SOBA is a command line tool and web application for analyzing GFF3 annotations. GFF3 is a standard file format for genomic annotation data. SOBA gathers statistics from GFF3 files and renders them as tables and graphs.

The web version of SOBA will produce the following:

  • Summary statistics of feature types and attributes used
  • Histograms of feature lengths
  • Graphs of Sequence Ontology terms used
  • Histograms of intron density
  • Suggestions to improve SO compliance for invalid terms

In addition, the command line tool (SOBAcl) flexibly produces a much wider variety of tables, figures and graphs based on the data in a GFF3 file, as well as the ability to produce complex and extensible custom reports via a robust template system.

SOBA is a tool for those dealing with genomic sequence annotation who want to view genome-wide summaries of their annotation files. For example: SOBA would be a useful tool at an annotation jamboree for a newly sequenced organism and when preparing the resulting genome paper; SOBA would help those developing annotation tools to quickly evaluate updates to their tool; SOBA assists comparative genomics analyses by providing a high-level overview of the genome of multiple organisms.

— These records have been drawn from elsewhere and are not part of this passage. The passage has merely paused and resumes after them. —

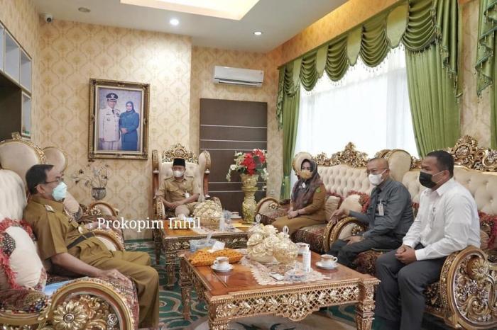 INHIL, Tembilahan - Bupati HM.Wardan menerima kunjungan silaturahmi Kepala Cabang Bank Riau Kepri yang baru untuk di Kabupaten Indragiri Hilir, Selasa (24/8/2021) di ruang tamu Rumah Dinas Bupati Jalan Kesehatan Nomor 1 Tembilahan.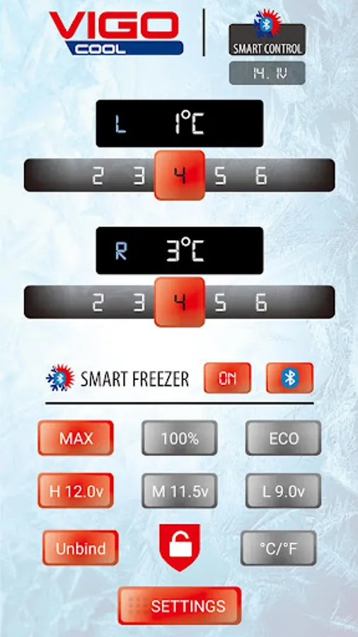 You can control the Vigo fridge from your smartphone, without having to use physical buttons. With the application you can set the temperature of the refrigerator, check the voltage, and other information.
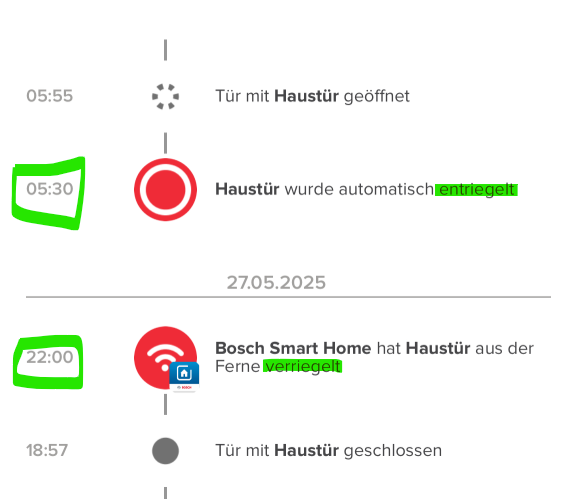 Ich sehe im Yale Protokoll: Haustür wurde automatisch entriegelt.
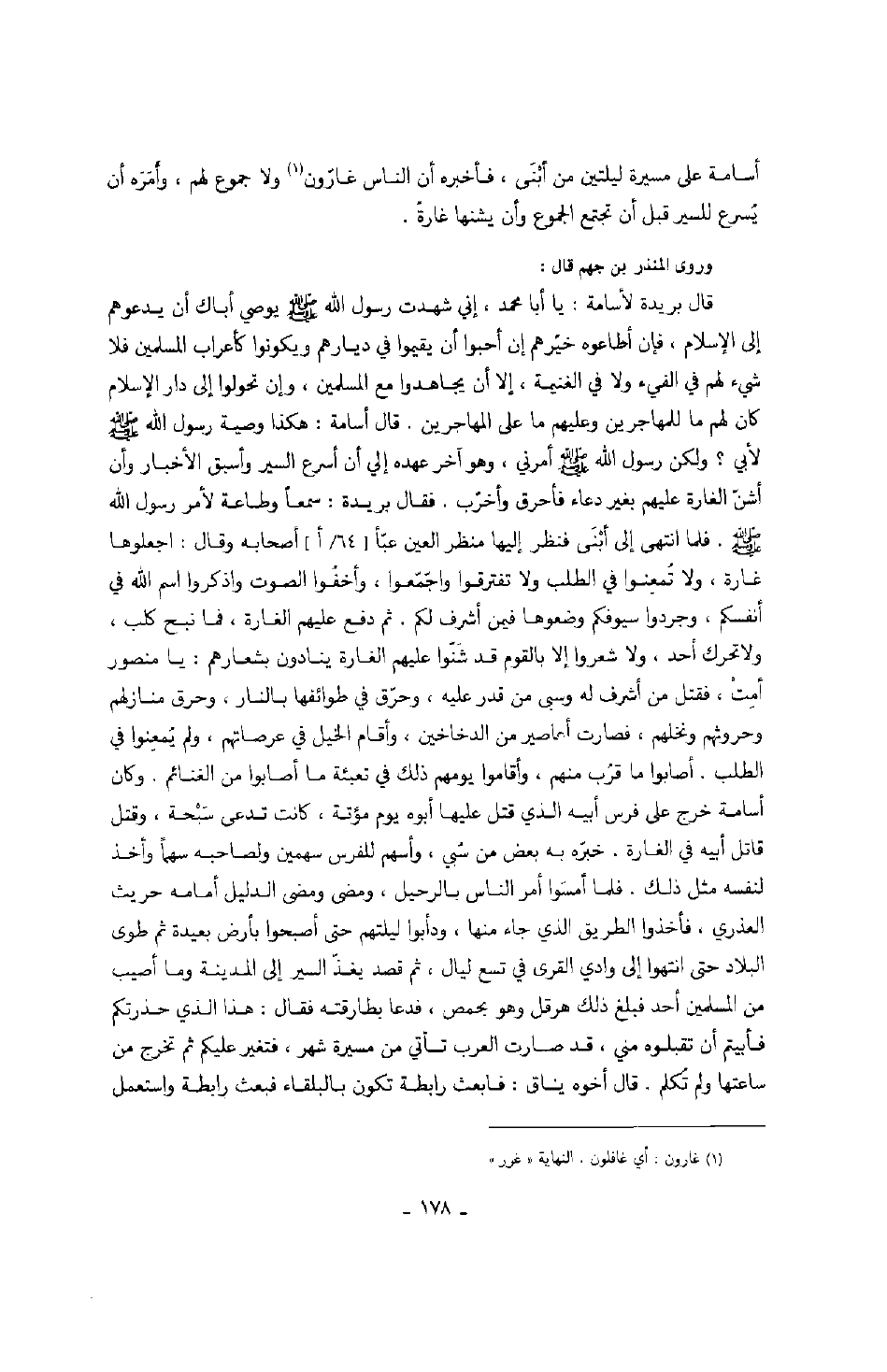 أسامة على مسيرة ليلتين من أبنى، فأخبره أن الناس غارون ولا جموع لهم، وأمره أن يسرع للسير قبل أن تجتمع الجموع وأن يشنها غارة.

SOBA complements genome browsers by providing a summary of all the features annotated in the genome.

SOBA is built with Perl (and JavaScript for the web interface). The web interface uses CGI::Application as a Perl webapp framework and the JQuery JavaScript library for Web 2.0 effects and AJAX. Both versions of SOBA use the Template Tooklit (TT) to generate html/txt reports, graphviz for the ontology graphs, and GD for charts. Template Toolkit makes extensibility very easy, at least for someone who's willing to learn the fairly simple template language of TT as you don't need to know Perl or any other programming to use TT.

SOBA Web Application

Documentation for the web interface to SOBA is available on the Sequence Ontology Wiki as well as via tool-tips on the site itself.

Navigate to the SOBA Web Application with any modern browser that has JavaScript enabled.

SOBA main page


SOBA feature type counts


SOBA feature lengths


SOBA Feature length distribution


SOBA CDS length histogram


SOBA ontology graph


SOBAcl

Information and downloads for SOBAcl are available from the Sequence Ontology website.


Tutorial AMI

  • NAME: GMOD Summer 2014 - SOBA/GAL
  • ID: ami-58846d30

Getting Started

Let's start by grabbing some data to play with.

cd /home/ubuntu/soba_course/
wget topaz.genetics.utah.edu/SOBA_GMOD_demo.tar.gz
tar -xzvf SOBA_GMOD_demo.tar.gz
cd soba/
export PATH=$PATH:/usr/local/SOBA/bin

Help

Documentation for the command line version, SOBAcl, is available as a usage statement with the script itself:

SOBAcl --help
Synopsis:

SOBAcl [options] db_name
SOBAcl [options] file.gff3

SOBAcl file.gff3 2> soba_count.txt

Description:

The Sequence Ontology Bioinformatics Analysis command line tool
(SOBAcl) will generate a variety of reports from the data in GFF3
files.  The data can optionally first be loaded into a database.

Options:

  --help      Print this help page and exit.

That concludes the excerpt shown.